Extinction Rebellion tripod protestor Rilka
Extinction Rebellion tripod protestor Rilka

An anti-mining demonstrator is being penalised for allegedly blocking a busy road and creating major gridlock for hours in southeast Queensland.

Queensland Police recently charged Extinction Rebellion activist Rilka with contravening a police direction and using a dangerous attachment device to block traffic in the inner Brisbane suburb of Milton.

Traffic chaos spans 11km

An image of the protest posted to social media shows the 29-year-old dangling high above the Pacific Motorway’s Hale Street on-ramp from three bamboo rods tied together as a tripod. She displayed a banner demanding “net zero emission by 2025”.

The media stunt began at about 7:45am and lasted for about three hours, creating extensive delays that spanned more than 11km to Mount Gravatt.

‘Lock her up’

Brisbane Lord Mayor Adrian Schrinner became fed-up with activists shutting down the River City and ordered police to arrest Rilka.

“Enough is enough, lock her up,” he said on Twitter. “Huge delays as protester stunt stops traffic.”

After fire and rescue workers finished painstakingly removing the activist from the bamboo structure, police arrested the woman and detained her at the Brisbane Watch House. She was eventually released on bail and scheduled to appear before Brisbane Magistrates Court on January 7.

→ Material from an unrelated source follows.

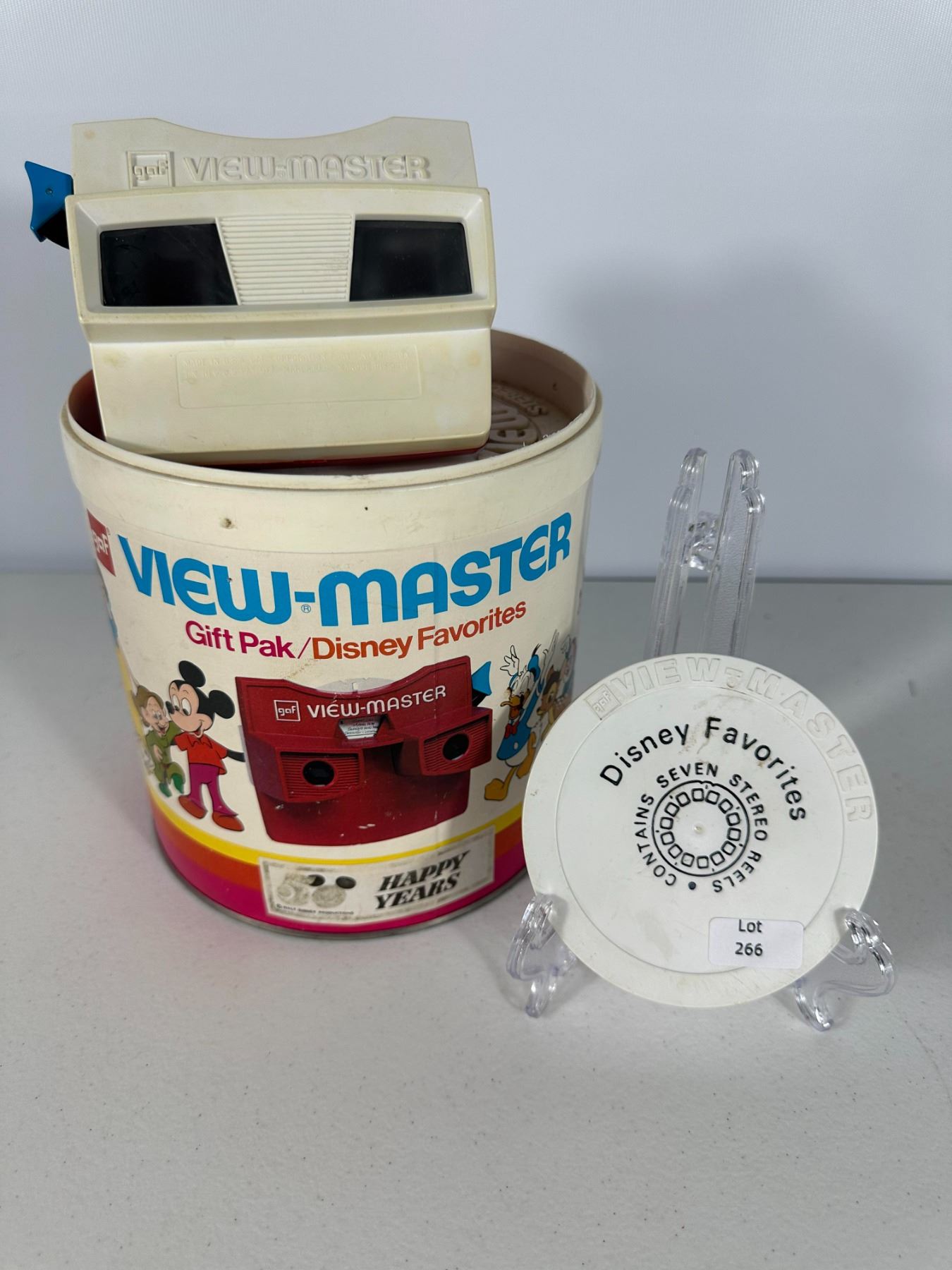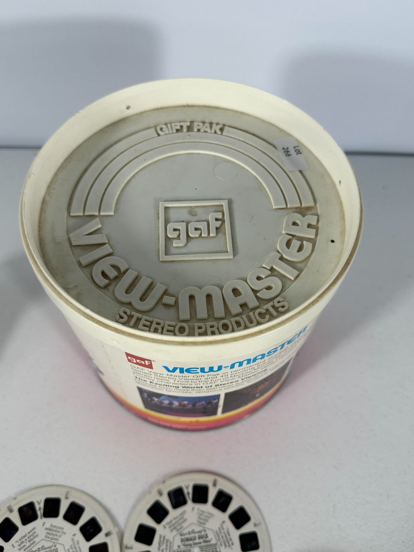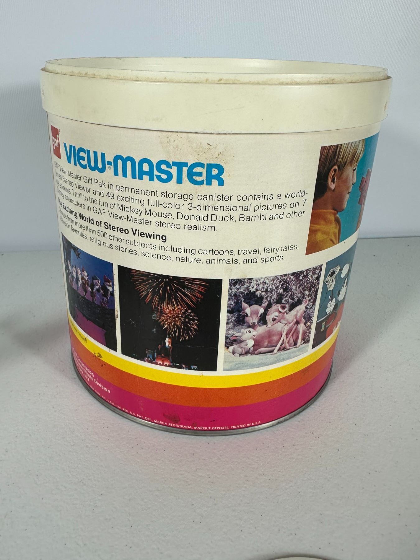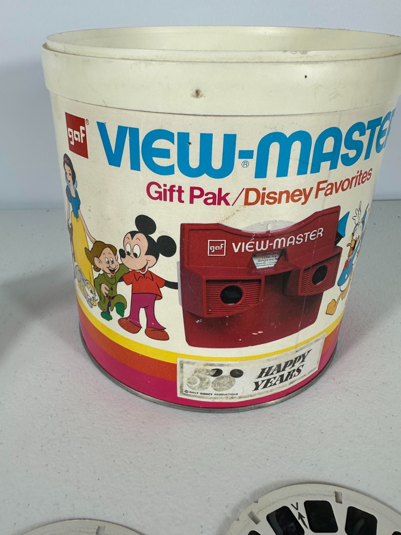 Original View-Master Gift Pak featuring Disney characters, includes viewer and seven stereo reels. Classic collectible from GAF with colorful Disney graphics on the packaging.

Fellow protestors defended Rilka’s civil disobedience by claiming it created discussion about climate change, and they encouraged others to sign-up for special training sessions in how to create more chaos.

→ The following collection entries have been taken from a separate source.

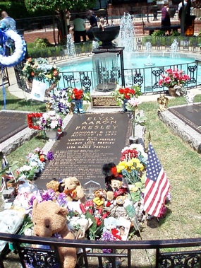 Es sollte aber noch schlimmer kommen. Nachdem man in einer Stunde durch Wohnzimmer, Elternschlafzimmer, Esszimmer, Küche, Fernsehzimmer, Pool-Zimmer, das Familienzimmer, den "Dschungel", sowie den Anbau im Haupthaus getourt ist und hinter dem Haus sein "racquetball" Gebäude und sein original Büro besichtigt hat, gelangt man in den "Meditation Garden" in dem Elvis und Mitglieder seiner Familie zur letzten Ruhe gebettet sind. Dort fand ich aber nichts, was an Meditation erinnert. Eine Menge Plastikblumen sah ich um sein Grab herum aufgestellt. Bunt und schrill. Passt gar nicht zu seiner Stimme, so etwa beim Singen von „As the snow flies/On a cold and gray Chicago mornin'/A poor little baby child is born/In the ghetto (In the ghetto)/And his mama cries …
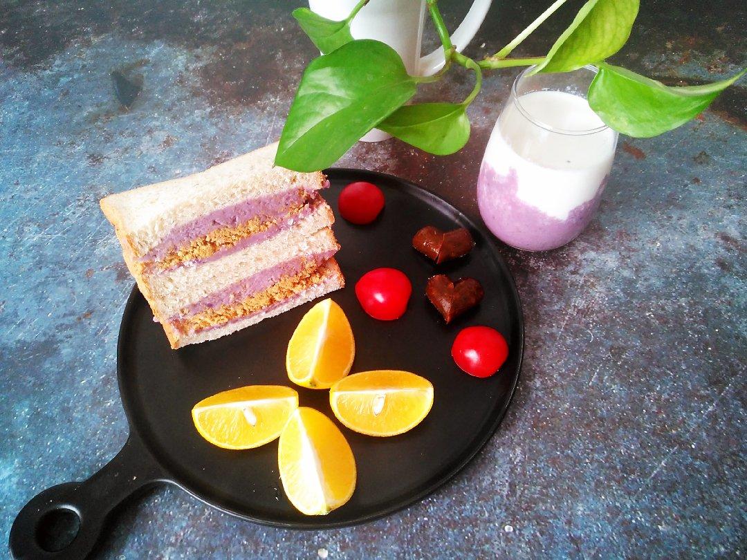 紫薯粥*红薯心里美馒头*酸辣萝卜片*水果
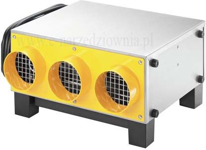 AERIAL AIRMAXX 2000 to profesjonalna dmuchawa przeznaczony do wspomagania pracy osuszaczy AERIAL. Niezwykle elastyczna, wysokowydajna dmuchawa może być używana wszędzie tam, gdzie powietrze wymaga cyrkulacji i zapewnia dodatkową wymianę powietrza podczas osuszania budynku, wentyluje kanały i wnęki. Urządzenie posiada klasę ochrony IP21, co oznacza, że jest chronione przed obcymi ciałami stałymi o średnicy 12,5 mm i większej oraz przed kroplami wody. Cechy produktu: Obudowa - stal nierdzewna i malowana proszkowo blacha (wylot powietrza). Filtr powietrza - wymienny filtr kasetowy klasy G4 Poziom hałasu 63 dB(A). Opcjonalnie - oddzielnie uruchamiany element grzewczy o mocy 2 300 W. Wydajny i energooszczędny wentylator promieniowy Przewód zasilający H07 o długości 4.5 m Wylot powietrza ze złączami do węża opcjonalnie: 3 x Ø 100 mm lub 6 x Ø 50 mm (1 wylot powietrza w standardzie) Zastosowanie: Osuszanie budynków Usuwanie szkód powodziowych Dane techniczne: Przepływ powietrza [m3/h]: 2000 Max. zakres temperatur pracy [oC]: do +40 oC Poziom hałasu [dB(A)]: 63 Zużycie energii dla wentylatora [W]: 250 Zużycie energii dla elementu grzewczego [W]: 300 Zasilanie [V/Hz]: 230/50 Stopień ochrony: IP21 Wymiary produktu [(wys. x szer. x głęb.) mm]: 225 x 440 x 410 Wymiary opakowania [(wys. x szer. x głęb.) mm]: 260 x 460 x 430 Waga: [kg] 14
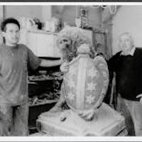 Achter de Kerk, vader en zoon Roodbol in hun atelier naast Goudse stadsleeuw
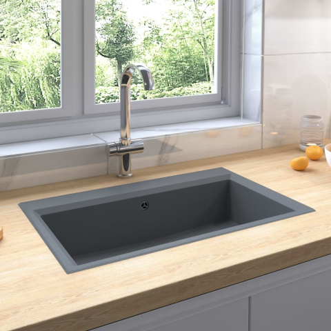 1 kép vidaXL szürke gránit konyhai mosogatótálca túlfolyóval
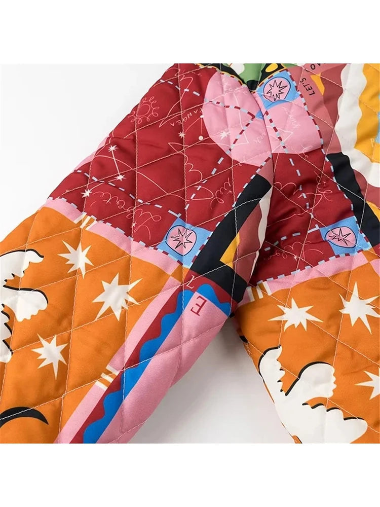 Stay warm and stylish with our Graffiti Print Quilted Jacket. Made for comfort and durability. this jacket features a unique graffiti print that adds a touch of urban edge to any outfit. Quilted for extra warmth. this jacket also boasts a trendy design that is perfect for any fashion-forward individual.
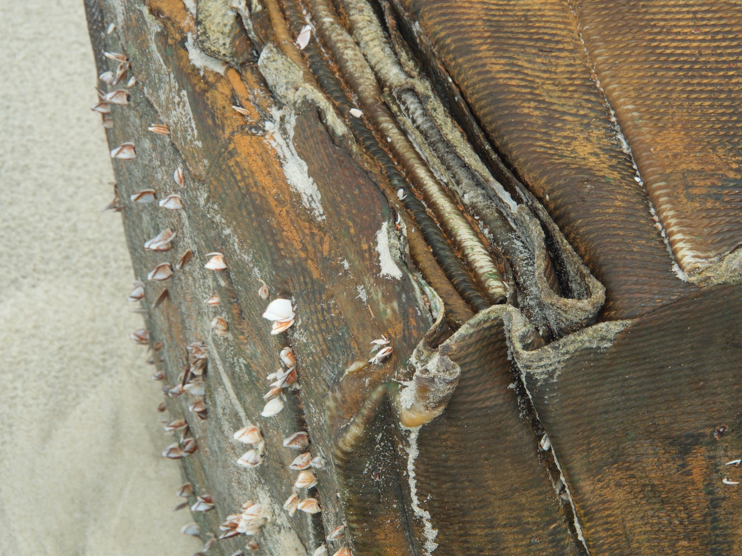 I knew that before washing up on the beach here, the bales had been floating in the sea for some time because many were covered in goose barnacles, a surface living crustacean. Putting all this together, I concluded that the bales were probably latex rubber and probably from a 1st or 2nd World War shipwreck but that was as far as I could go.

“Disruption extended from Milton to Mt Gravatt and the climate and ecological crisis is on everybody’s lips in Meanjin (Brisbane),” an Extinction Rebellion Brisbane spokesperson said on Facebook.

“Rilka made a huge impact but we need to take action together if we want to get the change we need.”

Stop Adani activist Ben Winch
Stop Adani activist Ben Winch (centre bottom)

Adani activist locks himself

Stop Adani activist Ben Winch separately locked himself onto a cattle grid in Mount Coolum to protest against Adani Australia’s plan to drain water from the nearby Suttor River for the Carmichael Rail Project. Emergency crews took hours to safely cut the man free before he was finally taken into custody.

Adani revealed many protestors have tried and failed to prevent the Carmichael Coal Project from proceeding, and argued the full project has already incorporated multiple renewable energy sources.

Activists ‘unsuccessful’

“Over the past decade activists have unsuccessfully tried to use the Australian legal system to argue that Adani’s Carmichael Mine should not be approved because of the emissions created when coal is used to generate electricity overseas and the impact that would have on the Great Barrier Reef,” the company said in a public statement.

“The amount of carbon dioxide that will be produced will represent less than 0.04 per cent of Australia’s emissions and less than 0.0006 per cent of global emissions, which is not enough to have an impact on the Great Barrier Reef. The quality of coal from the Carmichael mine is better than the coal it will replace in the market, meaning it will produce fewer emissions when burnt.”

Alternative is worse

In comparison, certain types of coal from Indonesia can produce more than 28 per cent higher greenhouse gas emissions than Australian coal according to Adani.

“Denying other countries access to superior quality thermal coal like ours will not only disadvantage them environmentally, it will also mean that instead of jobs being created here in Queensland to mine our coal that those jobs will be exported to other countries at the expense of Queenslanders,” the proponent said.

“We already have more than 1500 Queenslanders working on the Carmichael project now. These jobs could not be more important at a time when people are struggling to get work as a result of the COVID-19 pandemic.”